ViewPoints: Study delays undermine the biosimilar push, but Remsima overtakes Remicade in Norway – although at what cost (or price)?

As evidenced by events in the past week, any assessment of the developing biosimilars market requires conflicting headwinds – both in favour of biosimilar developers and against them – to be taken into account.

Amgen, competing alongside a raft of established pharma players, has confirmed a six-month delay to its Phase III study for biosimilar Herceptin, with Pfizer almost simultaneously confirming a five-month delay to its own project.

More positively, Norway continues to act as a flag bearer for biosimilar adoption in Europe, with the Norwegian Medicines Agency confirming to FirstWord that Remsima (developed by Celltrion and marketed in Norway by Orion Pharma) has now overtaken branded Remicade in terms of volume market share.

The reason for such a performance, however? – a notably lower price than biosimilar developers would ideally like to adopt.

Insight, Analysis & Opinion

Prior to announcing this delay to its Phase III biosimilar Herceptin (ABP 980) study, Amgen was viewed as the likely first-to-market player, remarks Duncan Emerton – editor of FirstView's Biosimilar Index, which tracked both this delay and a similar one for Pfizer's biosimilar Herceptin candidate (PF-05280014).

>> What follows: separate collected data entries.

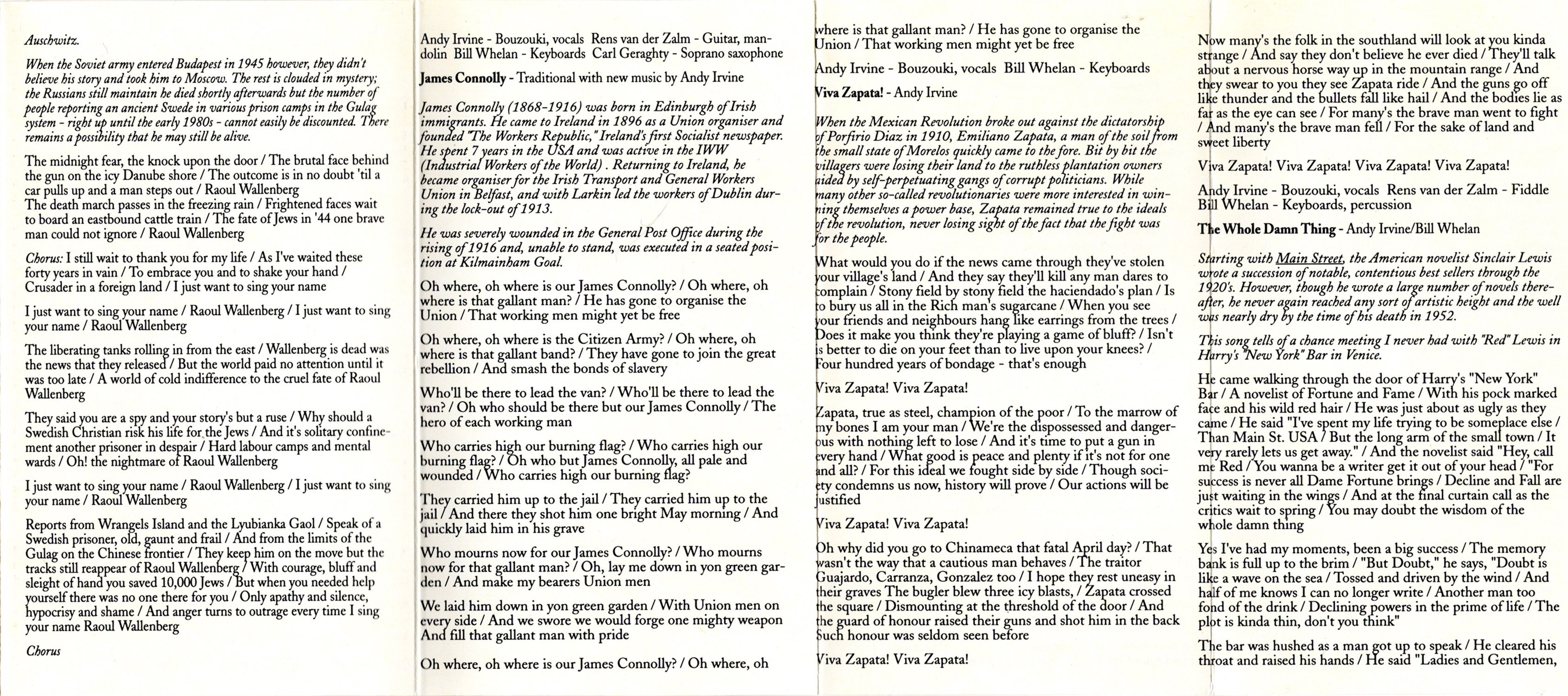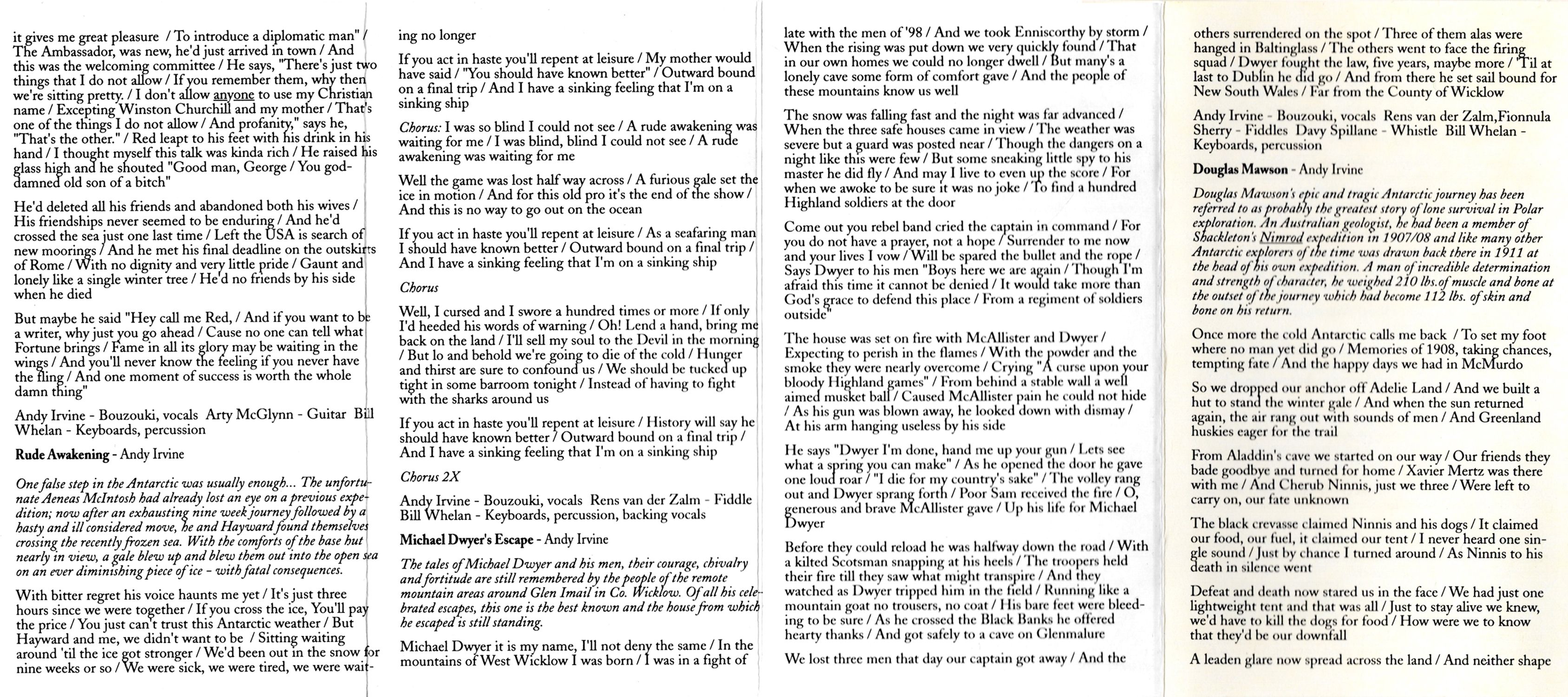Never Tire Of The Road — This started out as a song about my great hero, Woody Guthrie. Somewhere along the way it made a slight diversion and took in the early days of the "Wobblies" (Industrial Workers of the World) who followed the harvest in the Western States of America and, I suppose, just about anybody who finds themselves with a job orchard Travelling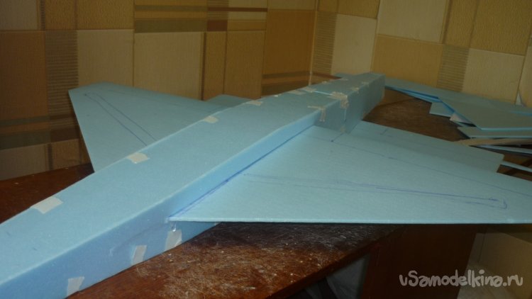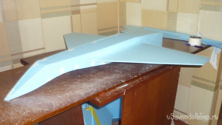 Просматривая созданные мной авиамодели, наткнулся на тандем с треугольным крылом и решил повторить эту модель, но немного изменив конструкцию.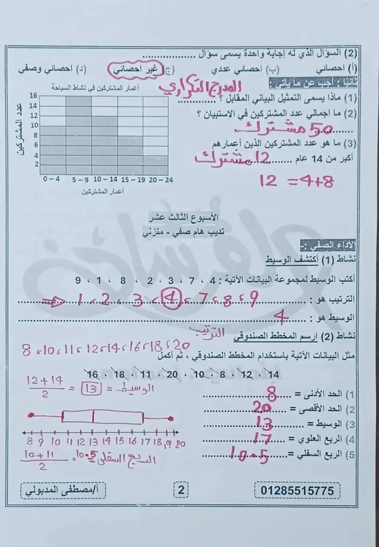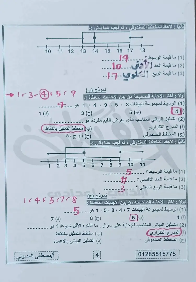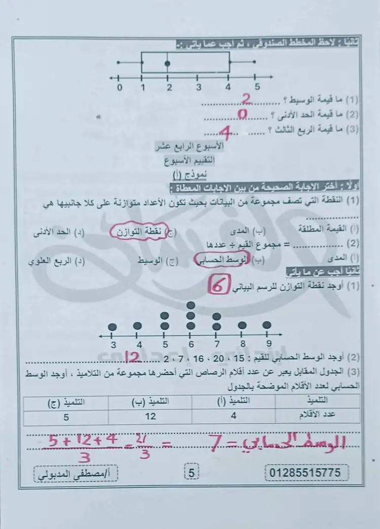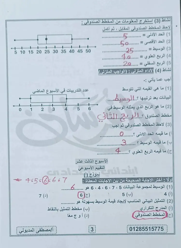السؤال: في المخطط الصندوقي الأول الملاحظ في التقييم الأسبوعي (نموذج ب)، ما قيمة الربع العلوي؟ الإجابة: 17.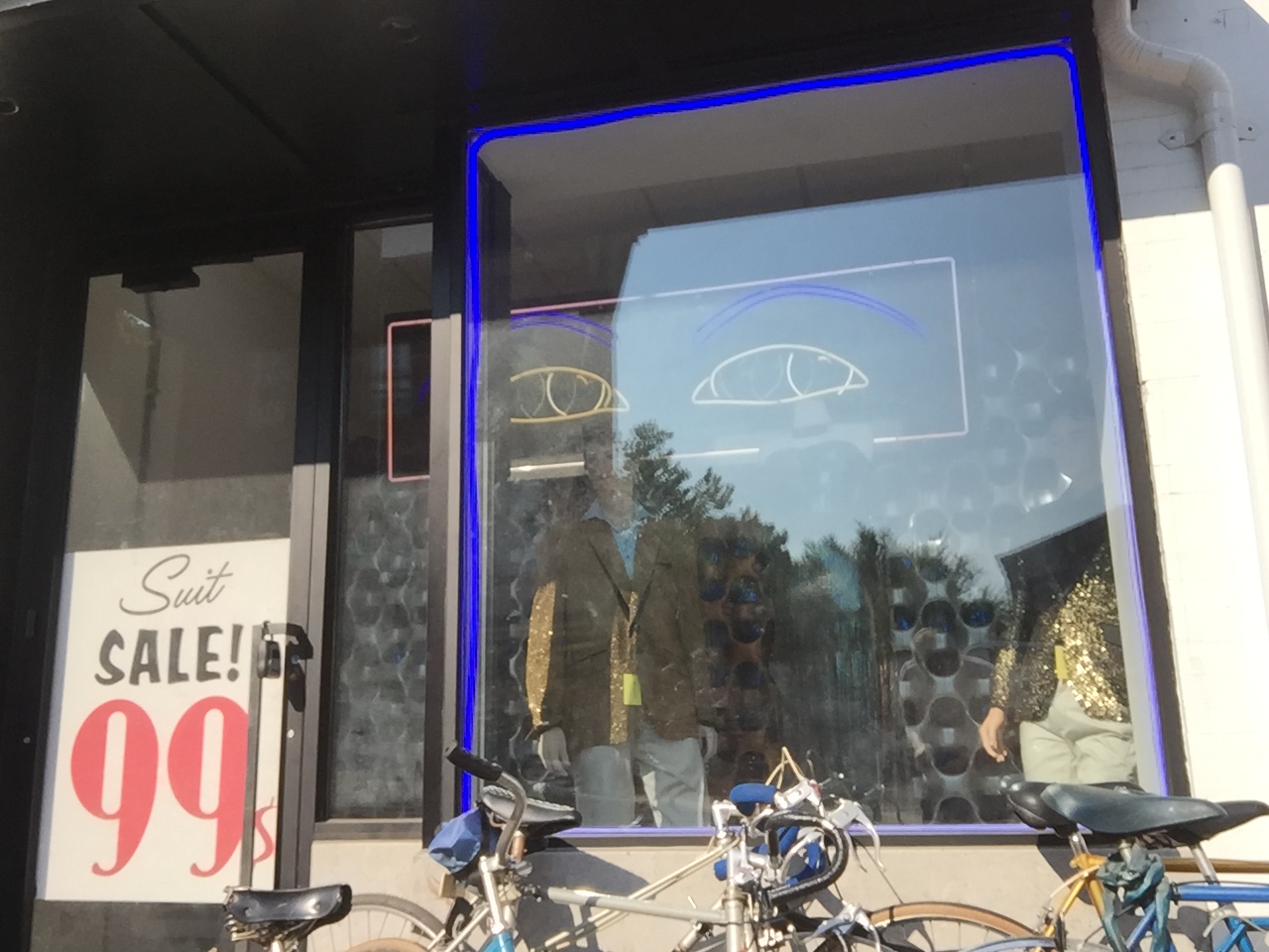 GM thought it was especially funny that next door to the theater they recreated one of the old cheap suit shops that dominated this block since the early 80s up until fairly recently:

"Due to this delay, it's now less clear which company will be able to submit their application and/or gain approval first," adds Emerton, citing a three horse race between Amgen, Pfizer and the biosimilar Herceptin product being co-developed by Samsung Bioepsis and Merck & Co.

Roche has previously acknowledged that it will benefit from the delayed launch of biosimilar Herceptin products, citing patient recruitment issues as the primary reason for extended study timelines. Whether recruitment difficulties have caused these latest delays for Amgen and Pfizer is unclear, says Emerton, but this would represent a concerning trend for biosimilar developers if it is the case, he adds (ViewPoints: Is patient recruitment proving troublesome for biosimilar cancer therapy developers?).
The specificities of the Norwegian tender system make it difficult to ascertain whether rapid market share gain for Remsima can be replicated in other European territories. Hospira – which will market Remsima in most of the region's largest markets – has played down such a scenario, primarily as the biosimilar will be priced at a 20 percent to 30 percent discount to branded Remicade in these countries.

This is well below the 72 percent discount that Orion has allowed Remsima to be priced at in Norway, which in the grand scheme of things may remain a curious outlier if Hospira's vice president of biologics Paul Greenland is correct in his assertions about pan-European pricing.

That said, rapid adoption of Remsima in Norway is highlighting that lower pricing for biosimilars can overcome barriers to uptake. Steinar Madsen, director at the Norwegian Medicines Agency, is candid that usage of the biosimilar version has been directly driven by Orion's notably higher discount in 2015 versus the 39 percent discount Celltrion had offered last year. Compared to a peak volume share of around 30 percent achieved in the latter months of 2014, Remsima suddenly achieved a 44 percent share in February as the higher discount kicked in. A 51 percent share achieved in March confirms this trend, with a bullish Madsen anticipating "more or less a wipe-out" of branded Remicade by year end.

Recruitment of 300 patients for the NOR-SWITCH switching study (designed to evaluate patient switching between biosimilar and branded Remicade) should provide further motivation for biosimilar adoption, but for the time being at least, price is king in the Norwegian market.